The Diocese of Wheeling–Charleston () is a Latin Church ecclesiastical territory, or diocese, of the Catholic Church comprising the U.S. state of West Virginia. The ordinary is Bishop Mark E. Brennan. The diocese maintains two cathedrals: the Cathedral of Saint Joseph in Wheeling, West Virginia, and the Basilica of the Co-Cathedral of the Sacred Heart in Charleston, West Virginia. The Diocese of Wheeling–Charleston is a suffragan diocese in the ecclesiastical province of the metropolitan Archdiocese of Baltimore.

History

1700 to 1920 
Before the American Revolution, few Catholics lived in the area of present day West Virginia, then part of the British Colony of Virginia.  The colonial government in the later 1600's had outlawed the practice of Catholicism.  With the 1786 passage of Virginia Statute for Religious Freedom, proposed by future US President Thomas Jefferson, Catholics were granted religious freedom in the new state of Virginia. Pope Pius VII erected the Diocese of Richmond on July 11, 1820, covering all of Virginia, and named Reverend Richard Whelan as its first bishop
In the 1840's, Whelan became concerned that his diocese was too vast to administer. He therefore requested that the Vatican divide the diocese, using the Allegheny mountains as a natural boundary.  Pope Pius IX on July 19, 1850, erected the Diocese of Wheeling, containing the area of Virginia west of the Pennsylvania state border and west of the Allegheny Mountains.  He designated the new diocese as a suffragan of the  Archdiocese of Baltimore.  Pius IX appointed Whelan as the first bishop of the Diocese of Wheeling.
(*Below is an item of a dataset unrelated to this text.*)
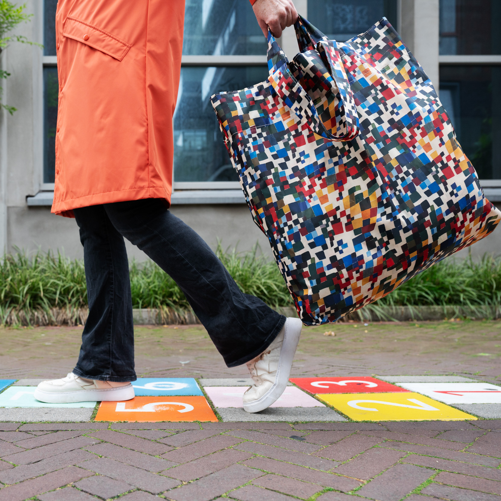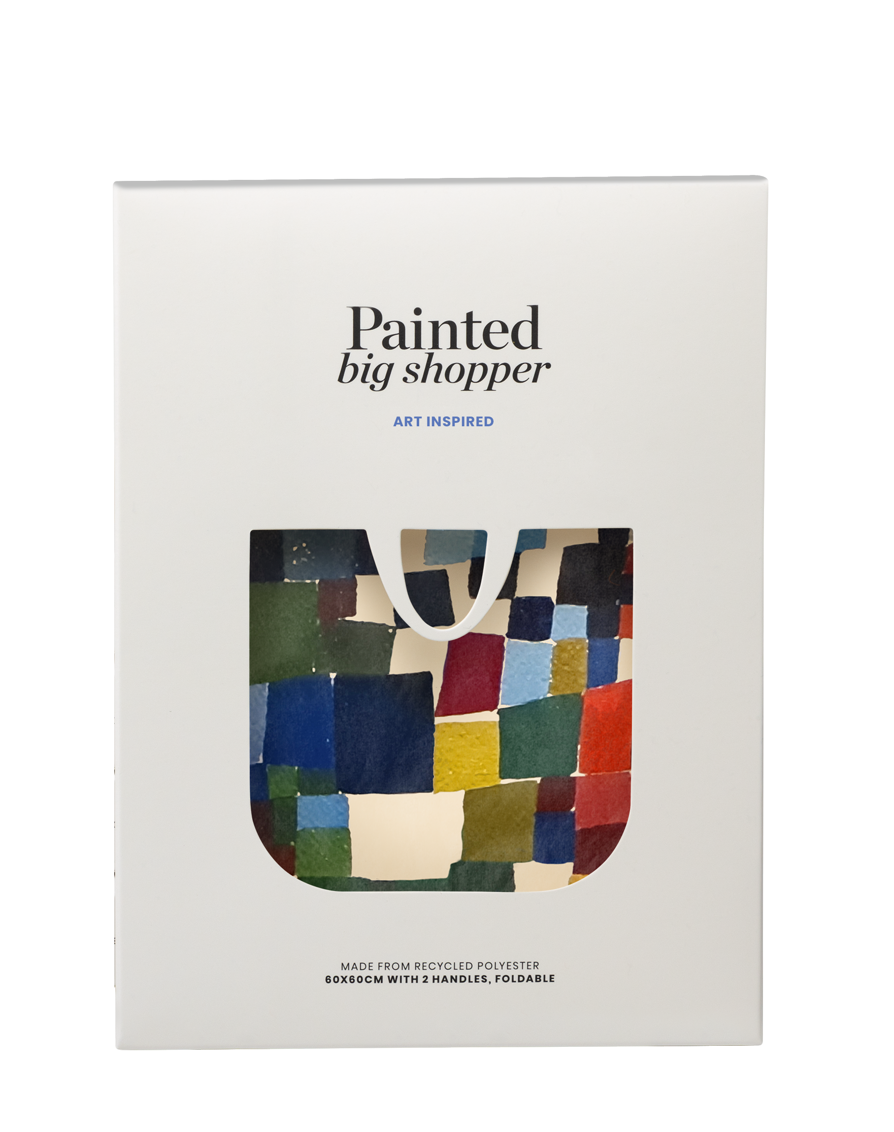 This big shopper is inspired by a colourful geometric painting from the Swiss multi-disciplinary artist Sophie Taeuber-Arp (1889-1943). Refusing to be put in a box, she worked as a performer, painter, teacher, designer, puppet maker, dancer, sculptor, illustrator and more. She literally dabbed in everything! Her creative journey took her once to Paris, where she joined the artists' group 'Circle and Rectangle'. It greatly inspired her and it is no wonder she was all about abstract forms and shapes.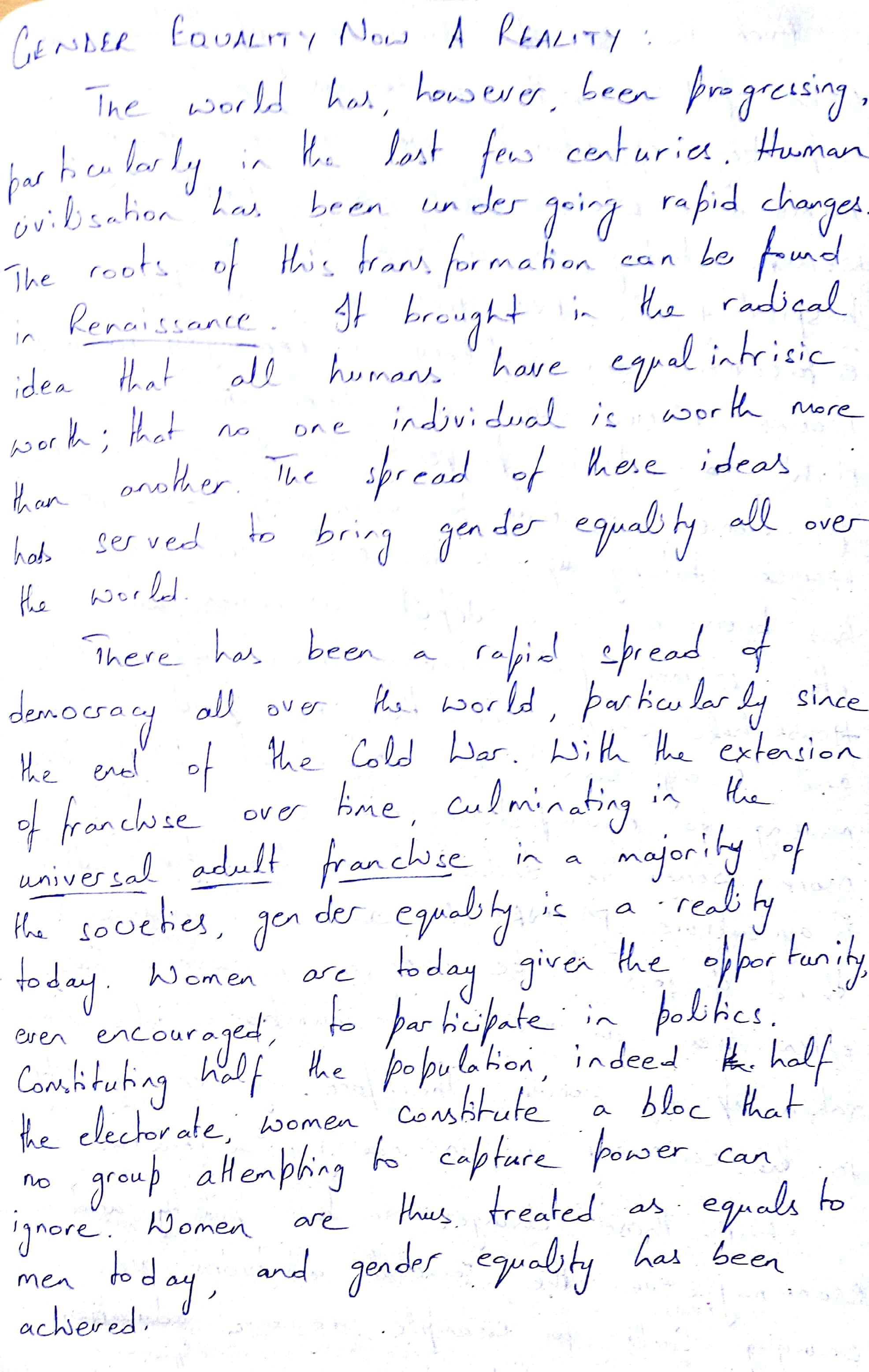 ESSAY : GENDER EQUALITY MYTH OR REALITY

During Whelan's 24 year tenure as bishop of Wheeling, he built 42 churches, nine schools, one orphanage, and a hospital. By the time of his death in 1874, the Catholic population of the diocese numbered around 18,000. Pope Leo XIII replaced Whelan with Reverend John Joseph Kain in 1875.  After 18 years, Leo XIII named Kain as coadjutor archbishop of the Archdiocese of St. Louis in 1893 and appointed Patrick James Donahue of the Archdiocese of Baltimore as the new bishop of Wheeling in 1894.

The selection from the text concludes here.